* [What the task asks]: Reproduce, without alteration, every line of the data; exclude the images.

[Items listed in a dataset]
Start of Block

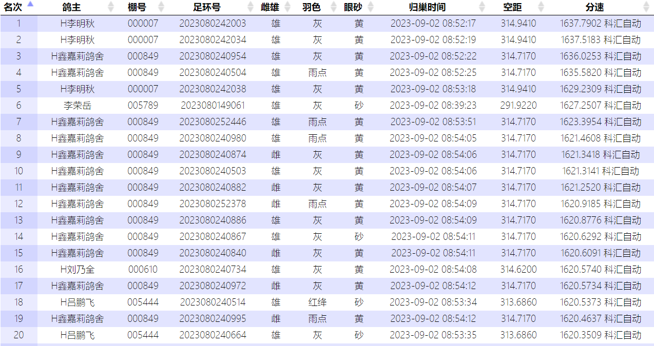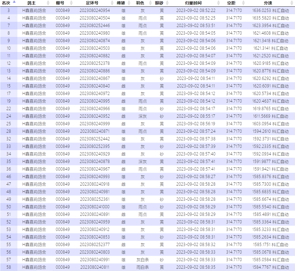 开笼不到三小时,上午8点32分,飞翔鸽苑2023080242098的灰雄踏响鸽钟,分速1591.9151米/分,最终排名37位。
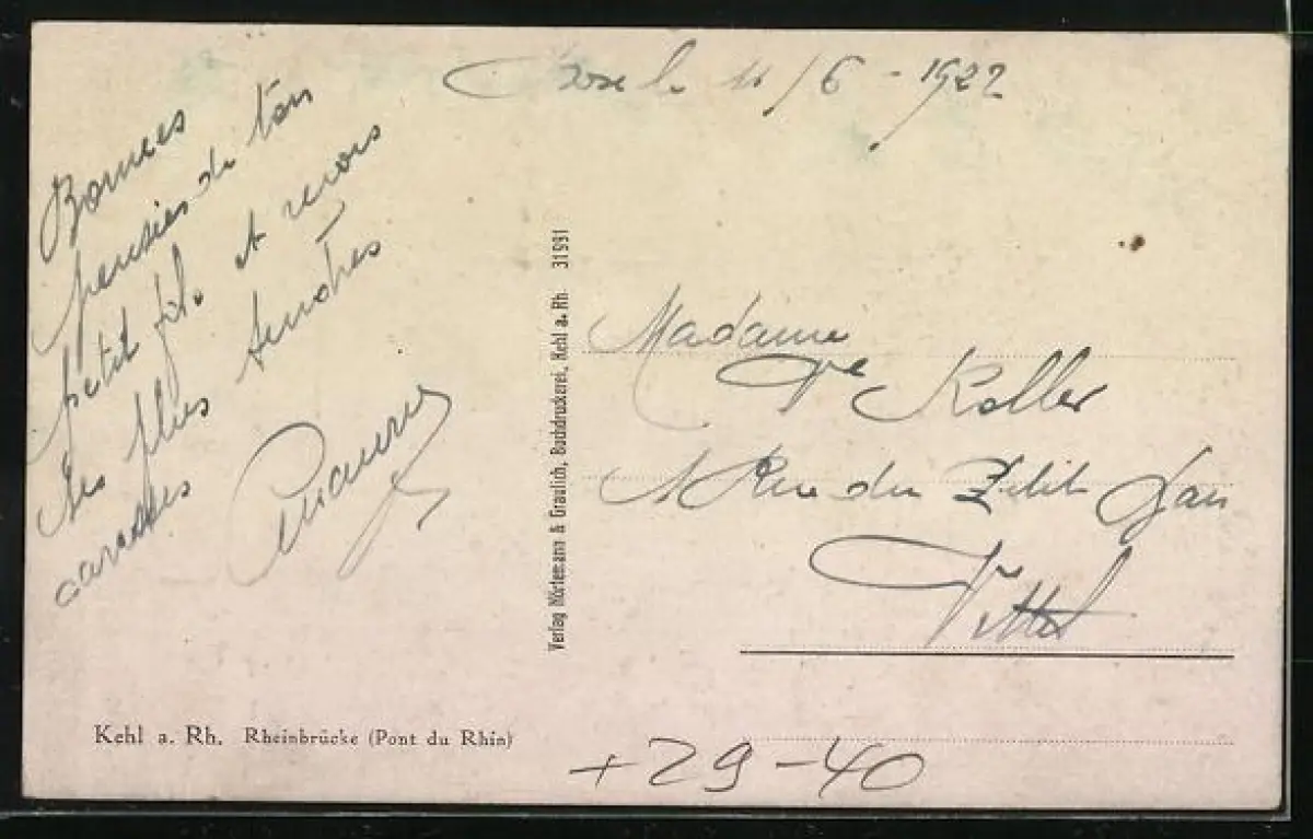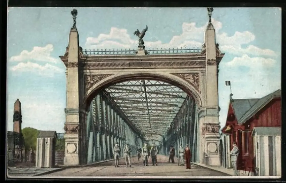 Goldfenster-AK Kehl a. Rh., Rheinbrücke
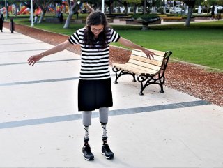 Kaval kemikleri ve parmakları eksik olarak dünyaya gelen, ayaklarını yerde sürükleyerek güçlükle adım atabilen ve bu nedenle ağrıları olan 35 yaşındaki Buket Durmuş, yaklaşık 7 ay önce Adana'da özel bir hastanede yapılan ameliyatla protez bacaklarına kavuştu.
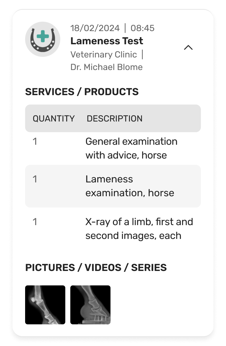 Guard. All. Data. The app stores everything from vaccination certificates and medications to X-rays and ultrasounds. With petsXL, your medical records are always with you: on vacation, at the stables, at the vet’s office, or in case of an emergency.
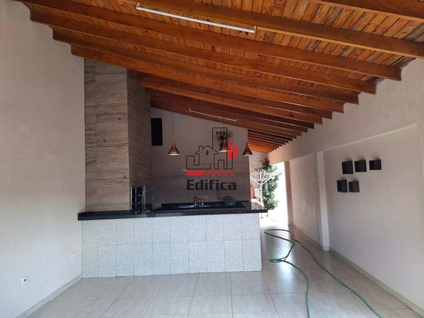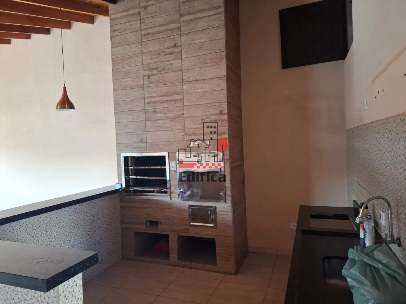 Casa com 01 suite mais 02 quartos, banheiro social, sala, cozinha, area servico, dispensa, edicula com area goumert ,churasqueira com bancada e pia em marmore e garagem para 02 carros cobertos.

End of Block

* [Worked solution]:
 开笼不到三小时,上午8点32分,飞翔鸽苑2023080242098的灰雄踏响鸽钟,分速1591.9151米/分,最终排名37位。
 Goldfenster-AK Kehl a. Rh., Rheinbrücke
 Kaval kemikleri ve parmakları eksik olarak dünyaya gelen, ayaklarını yerde sürükleyerek güçlükle adım atabilen ve bu nedenle ağrıları olan 35 yaşındaki Buket Durmuş, yaklaşık 7 ay önce Adana'da özel bir hastanede yapılan ameliyatla protez bacaklarına kavuştu.
 Guard. All. Data. The app stores everything from vaccination certificates and medications to X-rays and ultrasounds. With petsXL, your medical records are always with you: on vacation, at the stables, at the vet’s office, or in case of an emergency.
 Casa com 01 suite mais 02 quartos, banheiro social, sala, cozinha, area servico, dispensa, edicula com area goumert ,churasqueira com bancada e pia em marmore e garagem para 02 carros cobertos.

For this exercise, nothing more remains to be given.